Outfits shooting for a more bourgeois image, such as the Miller Howe Hotel and Restaurant in Cumbria, tend to show only exterior views of bucolic scenes. Many others zoom in on their patrons, regardless of how they might be behaving or what they might be wearing. The webcams of beach-front restos in tropical locales offer superior opportunities for perving, naturally.

We did find an amusing nod to patron privacy on the webcam page of the Basement Bar and Restaurant in Broughton Street, Edinburgh: "The camera looks down onto the bar, from the bar side of the pub, thus avoiding the grizzlier of the regulars, who seldom venture to this side," the webmaster explains.

What's up with that?

Our eyes thus opened, we returned to Capital Q in person to see if there was a sign warning patrons that their luncheon activities are beamed live to the Net. There wasn't one. (The brisket did look tempting, though - juicy and delightfully fat.)

Via e-mail, we asked Capital Q spokesman Nick how his customers have reacted to the webcam.

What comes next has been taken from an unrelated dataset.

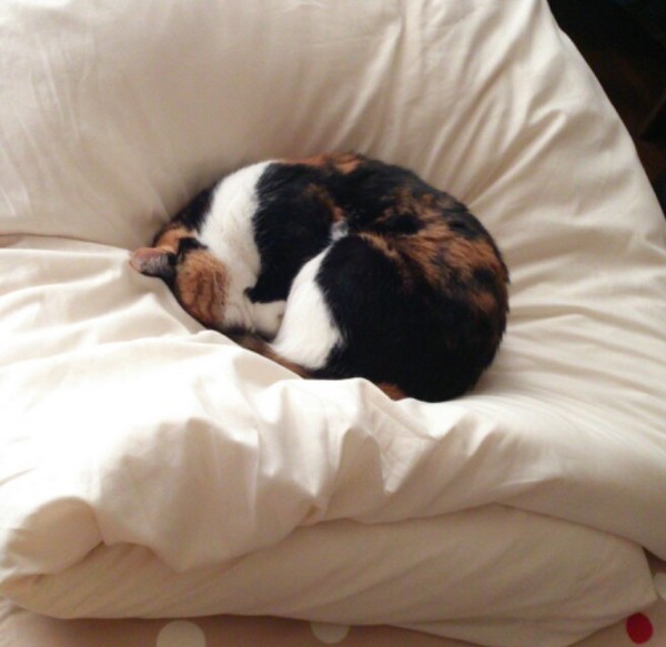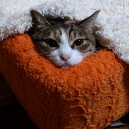 我が家の猫、ふうこです!寒くて布団の上で丸くなって寝てます(笑)ねーこはふっとんーでまっるくっなるぅ〜

"We installed [it] over six years ago," Nick told us. "The main reason was so that people could check the place out and get a feel for it. Our regulars use it frequently to see if the line is long or how busy it is. No one has ever complained about privacy issues. You would kinda have to know the person you were looking at."

We asked if there ought to be a sign in the dining room warning patrons about the webcam, or if doing so could affect trade.

"No, I don't think we should post a sign, nor do I think it would matter business-wise," he said. "There are cameras everywhere you go nowadays. Street corners, offices, etc."

And how do his regular customers like it, we wondered?

"Our customers love it," he went on. "We are about to install some in another restaurant of ours and hope to have a network of restaurants put together soon. It's more of an advertising tool, I think. You can run an ad in a magazine, but a quick glimpse gives you an idea of the place. If I'm visiting a city, I can look at some brochure at the front desk, but if I could go and take a peek inside, that would save a lot of wasted time."

And indeed, those are good points. Camera surveillance is ubiquitous and unavoidable these days. And it is handy to see how busy a place is. And yes, one does get a subjective sense of a place that still-photography won't capture. (For example, the Basement Bar in Edinburgh appears, at least through the webcam, to be our sort of joint, and we look forward to giving our liver a proper beat-down there one day soon.)

But we still can't help worrying about two things: first, the ghastly mental picture of being observed eating with our hands and our face smeared with barbecue sauce (or sucking spilt beer out of our shirt, or swatting a young tron's arse with terrible geezer desperation, etc.), and second, that our alibi might be undermined by a tech-savvy significant other who notices that we never did appear where we vehemently claimed to be going, and later claimed vehemently to have been.